Technically, bias can be defined as a deviation from the standard, indicating the existence of some form of statistical patterns in the data [27, 35]. Bias in the data can come from how the data are collected. Selection bias, for example, refers to an ill-designed process of data collection and sampling, where the data have been obtained from subgroups of a population through a specific form of process (e.g., a non-random process). As a result of such a selection bias, the trends estimated for a population cannot generalize to data collected from a new population [63]. For example, consider a dataset collected by a social media company surveying the video tastes of its users. If the website is mainly used by experts users, with a degree in art or cinema, the elicited preferences will be biased, and hence, not representative of the entire society.
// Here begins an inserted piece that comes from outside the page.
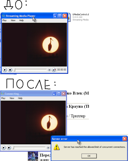 Как я уже писал, пишу прогу для поиска свободного места на сервере с видеофильмами. У нас установлен лимит. Если я не попадаю в лимит, то плеер выдает сообщение об ошибке. Можно, конечно, поставить на час-второй выполнение проги, коннектясь с очень малым интервалом времени (если будет свободное место, то никто не успеет его занять, ведь интервал работы программы мал), но лучше, конечно, коннектится до тех пор, пока не перестанет выдавать ошибку плеер. Поставил интеравал несколько милисекунд, через 3 минуты даже мышкой не можно было двигать

Another type of bias is the population bias, which refers to situations, where statistics, demographics, representatives, and user characteristics are different in the user population represented in the data set from the target population [75]. As an example, this bias can arise when relying on data collected from a social network (e.g., Snapchat, which is mostly used by younger individuals) to make recommendations for a population with different demographics (e.g., forum users on Reddit).
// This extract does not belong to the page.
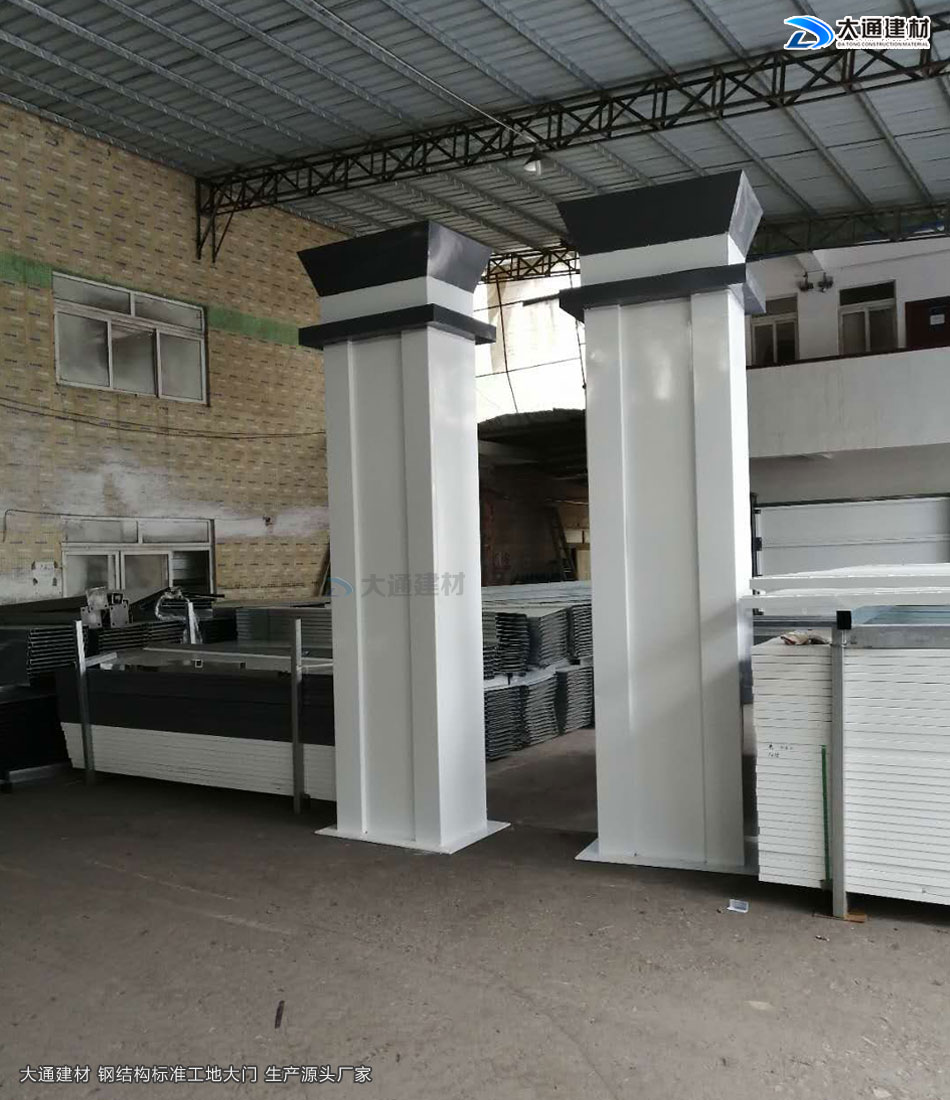 大通建材鋼結構烤漆款標準工地大門,不僅工地大門的門板與立柱的顏色可定制,工地大門的尺寸規格(長度、高度)等也可定制化生產。

But not only biases in the data can contribute to the creation or intensification of the described phenomena. In particular, the recommendation algorithms can be another root cause for several of them, as discussed. As an example, it has been found that the number of friends for a Facebook user does not only reflect the popularity of a user, but is also dependent on the bias of the recommendation algorithm of Facebook [94]. Algorithms can also amplify already existing biases. For example, recommendation algorithms that are trained on the MovieLens data setFootnote 4—a very popular data set in the research community— were found to strongly intensify the preexisting popularity bias they inherited from the data set [7, 60].

A bias amplification tendency of certain algorithms is often rooted in their specific optimization goal (or technically, their objective function). Real-world recommender systems typically focus on optimizing the underlying algorithm according to the given Key Performance Indicators, e.g., to increase sales by converting visitors into buyers. Therefore, the goal is to create recommendation lists that maximize the probability that a customer makes an order, i.e., to create lists that increase the conversion rate [89]. While the conversion rate is a common metric in different business sectors, it has been shown that it can create a severe case of popularity bias [97]. Hence, the negative effects of recommendations can go beyond the users (consumers of items) and also damage the business (suppliers of items).

In a different study [22], it has been shown that recommendation algorithms, biased towards popular items, might undermine the consumption (or sales) of unpopular items (long tail), hence, preventing such items to ever gain visibility and become popular. This may not be a big challenge for companies, where the majority of the revenue comes from a few popular items. However, it may represent a problem if the main business of a company is based on selling from the long tail of less-popular items. Such biased algorithm can thus negatively impact the revenue of such a company and cause significant damage [10].

Recent research has addressed this problem, for example by defining novel optimization objectives that also consider the diversity of the recommendations [9], or are able to balance the popularity, novelty, or diversity of the items that are recommended to users [1, 50, 88].

3 Mitigating the undesired effects

There has been a rising attention paid by the research community on the threats posed by recommender systems and their potential impact on individuals or societies [76]. Correspondingly, numerous research works have focused on designing solutions as countermeasures to mitigate these threats.

Fig. 4
figure 4

Feedback loop of recommender systems

Each of the solutions may target a specific key component of the environment of a recommender systems, i.e., user, data, and model, and may be applied at different stages of the feedback loop of recommender systems shown in Fig. 4 [25]:

  • user \(\rightarrow\) data refers to the preference elicitation stage, where the users provide data to the system as explicit or implicit feedback;

  • data \(\rightarrow\) model refers to the learning stage, where machine learning algorithms are exploited to build user models based on the elicited data;

  • model \(\rightarrow\) user refers to the process of predicting preferences of users based on the elicited information and to the process of generating recommendations accordingly.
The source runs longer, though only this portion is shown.